5 responses to “The 40 Year Old Vegan?

  1. Thanks ! Vitamin B12 is Most important role for the proper functioning of the nervous system, helps against depression and is used for rapid weight loss.

  2. beertron

    As a healthy vegan, I know the importance of B12. However, it is not naturally found in animal sources. Remember that all life is either plant or animal. Humans aren’t plants…humans are animals. If B12 naturally occured in animals, nobody would be B12 deficient.

    It’s a complicated issue, but to boil it down to basics, every nutrient you gain from an animal, that animal had to gain first. Animals synthesize B12 by consuming certain bacteria on grass and legume roots grown in Cobalt rich soil.

    Industrial farming practices have degraded the soil so badly that farmed animals are just as susceptible to B12 deficiency as humans. This is why CAFOs and even small farms often feed their cattle, sheep, pigs and birds B12 fortified grain and B12 supplements. Some farm’s soil is so deficient that they even inject their animals with B12.

    The truth is, if you are eating meat, you are eating B12 supplements, they’ve just been recycled through the digestive system of the animal you are eating. You might not be taking a pill, but don’t fool yourself, you’re taking supplements all the same.

    You obviously take your health seriously, and it’s refreshing to read a blog by someone who’s actually trying to eat right and not just bash veganism. I urge you to reconsider your choice about not becoming a vegan. The choice to continue consuming animal products is going to increase your risks of so many other health issues. Is it really worth putting yourself at risk just so you don’t have to take a pill that you’re really taking anyway? Besides, the second hand supplements you are eating are not the best source of B12, which explains why there are plenty of cases of meat eaters that suffer from B12 deficiency.

    To me it makes more sense to eat a whole foods, plant based diet, with a few fortified foods and a daily vegan multivitamin. It’s one pill compared with the multitude of hormones, supplements, and antibiotics that are pumped into your meat.

    • Thank you for stopping by and and for your carefully constructed and detailed reply. Your knowledge on this subject is eye-opening and inspiring.

      If you reviewed some of my other posts, they reinforce that I am far from a vegan basher….as a matter of fact, many of my followers are vegan. Like you, I take issue with some of the generally accepted food sources and practices, such as CAFO.

      The B12 deficiency dilemma would easily be solved if we humans were able to synthesize B12 on our own….but alas, that is not the case.

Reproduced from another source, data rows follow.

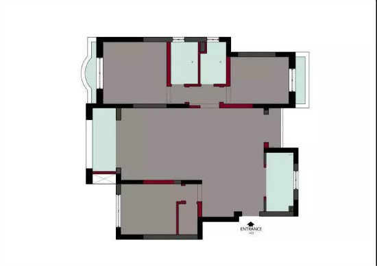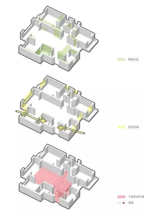 从原始户型图可以很明显的看出,入户区域空间面积完全开敞,门厅与起居空间没有功能界限;两个卫生间没有设置分项(主人使用或客人/公共使用);入户左边的房间门正对厨房,空气对流不合理,储纳空间少等问题。
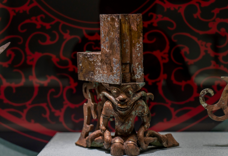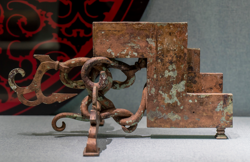 展览现场漆木屏风上限制出境的5件珍贵鎏金青铜构件之一
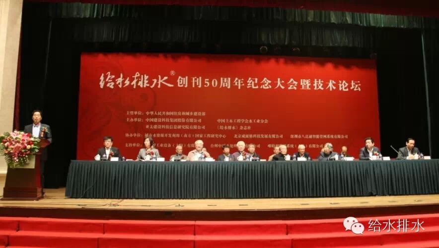 《給水排水》風(fēng)雨50載,見(jiàn)證了我國(guó)給水排水行業(yè)發(fā)展歷程。為慶祝《給水排水》50華誕,表彰為給水排水事業(yè)發(fā)展做出特殊貢獻(xiàn)的人士,在主管單位的領(lǐng)導(dǎo)下,在各主辦單位的大力支持下,《給水排水》雜志社于201410月在北京西郊賓館舉辦了“《給水排水》創(chuàng)刊50周年慶祝大會(huì)暨技術(shù)論壇”。會(huì)場(chǎng)反響熱烈,來(lái)自全國(guó)各地的參會(huì)代表們共同為《給水排水》雜志慶祝五十歲生日,并享受了一場(chǎng)業(yè)界饕餮盛宴,全場(chǎng)座無(wú)虛席。
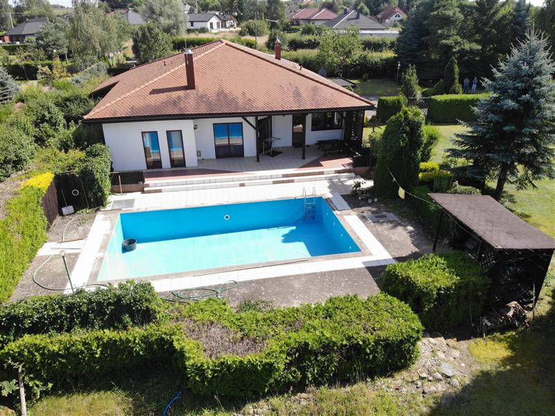 Na działce 5444 m2 znajdziesz ogród, który przez lata dojrzewał i nabierał charakteru. Dorodne drzewa, gęste krzewy i wyjątkowa roślinność tworzą intymną, niemal parkową przestrzeń – dając prywatność, cień i niepowtarzalny klimat. Do tego staw i basen – oaza relaksu tuż za progiem.
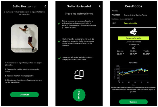 Subsequently, after having collected and analyzed the data and obtained the percentiles of the student’s physical fitness level, these can be used to determine the results of the student’s performance in the tests and indicate whether they are above average, average, or below average in physical fitness based on your age and gender. In this case, it is only necessary that the system can be used in a mobile environment, where the teacher records a student while taking the test; the system analyzes the exercise performed and indicates the student’s level of physical fitness. In this context, the teacher must enter the student’s anthropometric data and then take the video of the test performed.
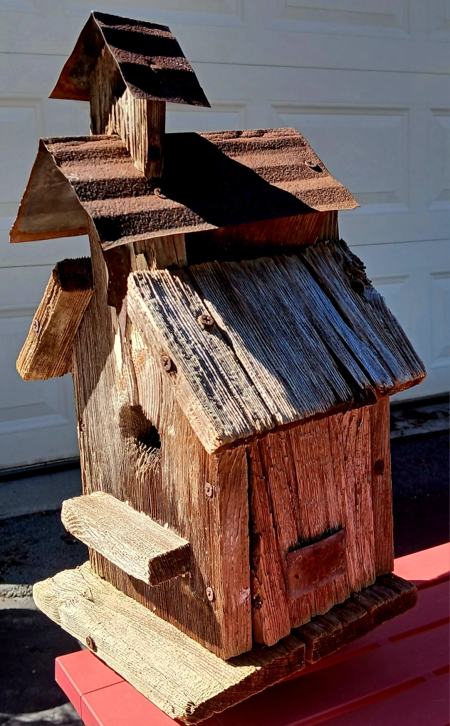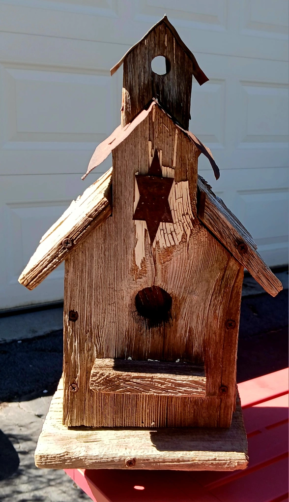 This is a charming, rustic birdhouse made of wood. It has a unique, weathered look that would add character to any garden or outdoor space. It features a multi-tiered roof and a small perch for birds to rest on. It's a great piece for bird lovers and garden enthusiasts alike.
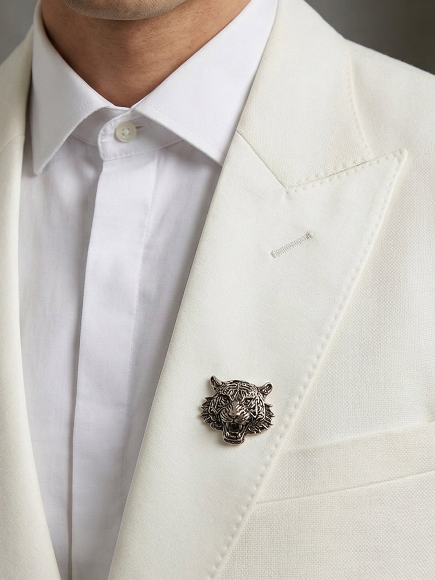 This Brooch is designed for reception wear, formal occasions, and premium styling where bold identity and sharp detailing define your presence. The tiger head motif symbolizes strength, confidence, and dominance, making this Brooch a powerful accessory for men who want to stand out with controlled elegance.
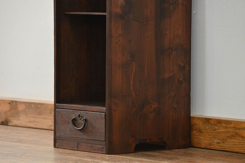 ラフジュ工房> オープンラック・シェルフ> ディスプレイラック > アンティーク家具 古民具・骨董 古い木の引き出し付き書棚(1)(本棚)

      I will definitely take your comments to heart and, once again, thank you for posting this very important reply. This type of knowledge and perspective is essential to Truthology!

  3. beertron


    You are correct in saying that humans cannot synthesize B12 on our own, but neither can any non-human animals. Only specific bacteria and archaea found in soil and water can synthesize B12. The animal didn’t make that B12, it ate it (or was given a supplement or injected with it). The good news is that you can eat it too. B12 in supplements is synthesized from the very same bacteria and archaea in which it naturally occurs. However, if you are dead set against taking a supplement in pill form, there’s more good news. B12 can be synthesized through fermentation. Yoghurt cultures L.bulgaricus and S.thermophilus both produce B12. You can get your B12 by ensuring you eat plenty of B12 fortified foods like soy yoghurt, Marmite/Vegemite, coconut/rice/soy/hemp milk, etc…

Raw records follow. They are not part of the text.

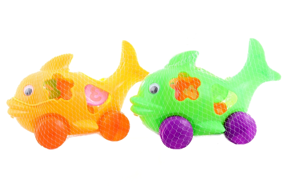 Peștișorul interactiv de inserat pe roți, cu rulare liberă, îmbină mișcarea cu învățarea. Copilul se va distra trăgând de șnur și, în același timp, va exersa recunoașterea formelor cu ajutorul celor 5 piese colorate. Jucăria din plastic rezistent este ușoară, sigură și ambalată în plasă. Dimensiuni 25 × 17 × 11,5 cm. Culoarea este livrată în funcție de stoc. Potrivită pentru dezvoltarea motricității fine, coordonării și logicii. Inserare de forme, jucărie de tras cu rulare liberă, 5 piese, plastic rezistent.
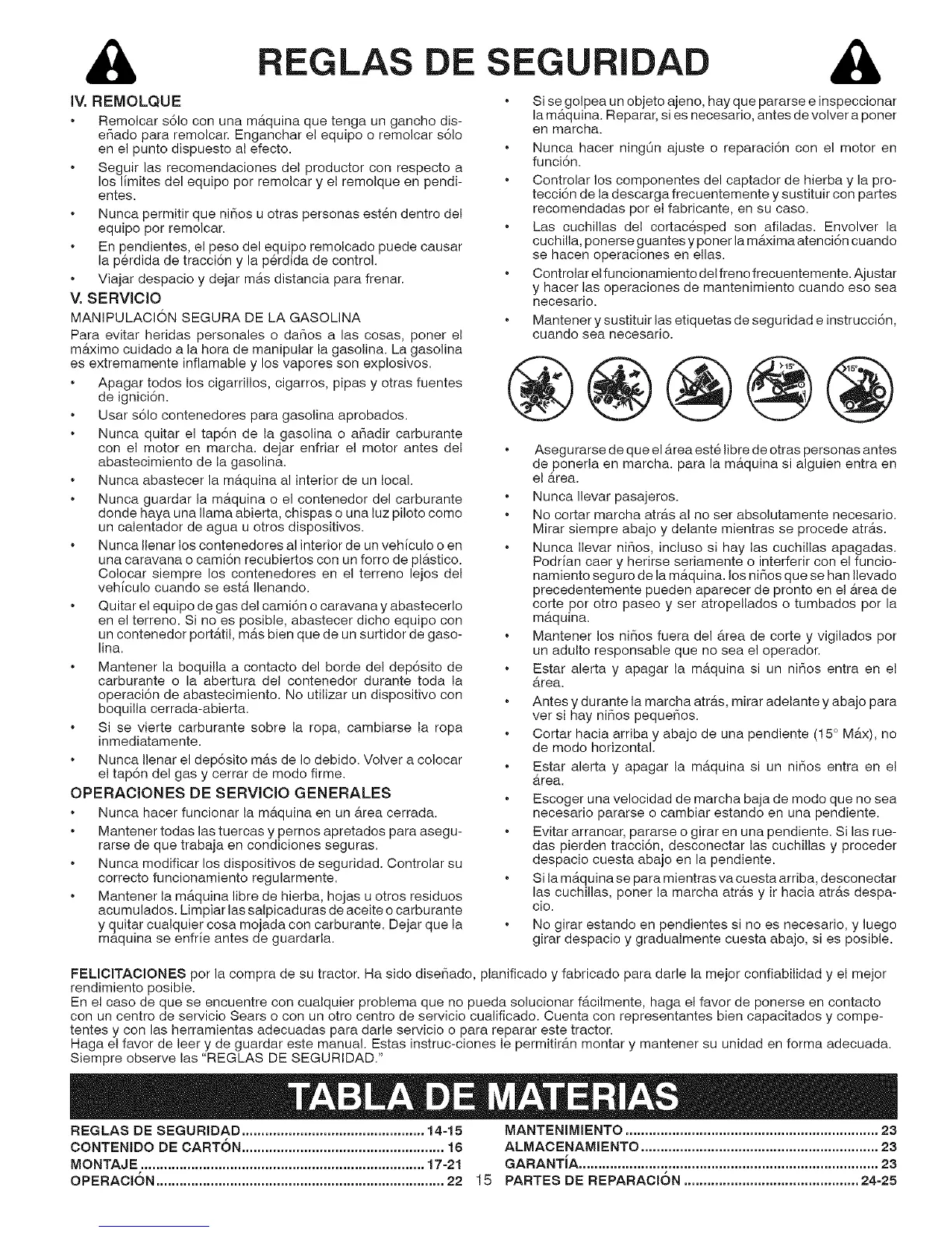 REGLAS DE SEGURIDAD ............................................... 14-15 MANTENIMIENTO ................................................................. 23
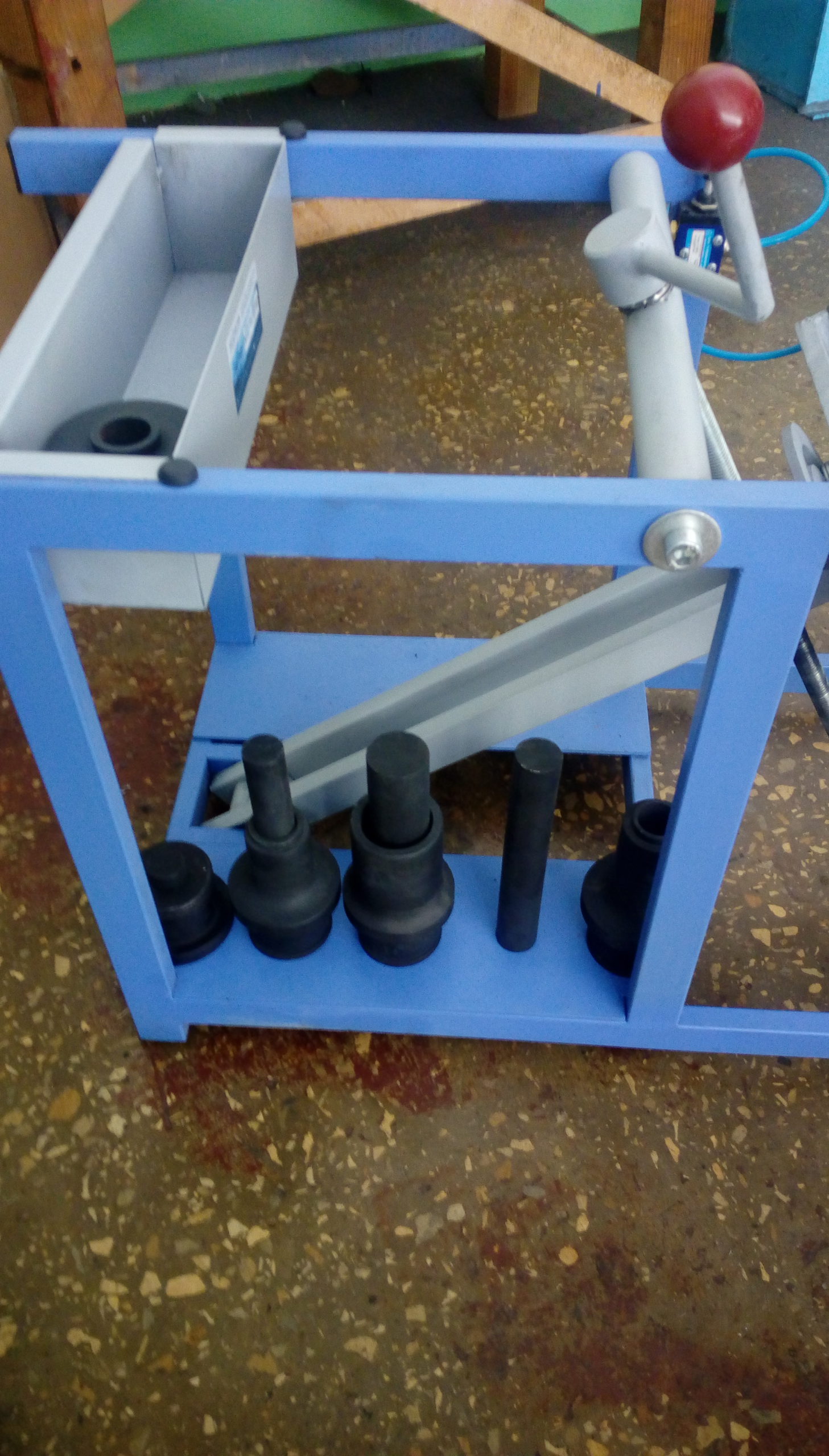 Комплектация выпрессовщика ВШ70-200 включает в себя не только саму установку, но и стационарный ручной гидравлический насос с РВД, а также набор оправок (3 шт.) и пуансонов, что делает его готовым к эксплуатации сразу после покупки.

    To use your analogy: A vegan diet is what our bodies are designed for. Give your body the fuel it needs. If you put diesel in your gas tank instead of unleaded, your engine wouldn’t run properly. Animal products are diesel. We need that premium unleaded vegan wholefood, B12 fortified foods, and sometimes a supplement. Industrial agriculture practices have destroyed many ecosystems, included the ones in our own soils. So yes, it sucks that most people don’t have access to the most natural source of B12, but fortified foods and vegan supplements are far healthier, and much more natural than eating meat.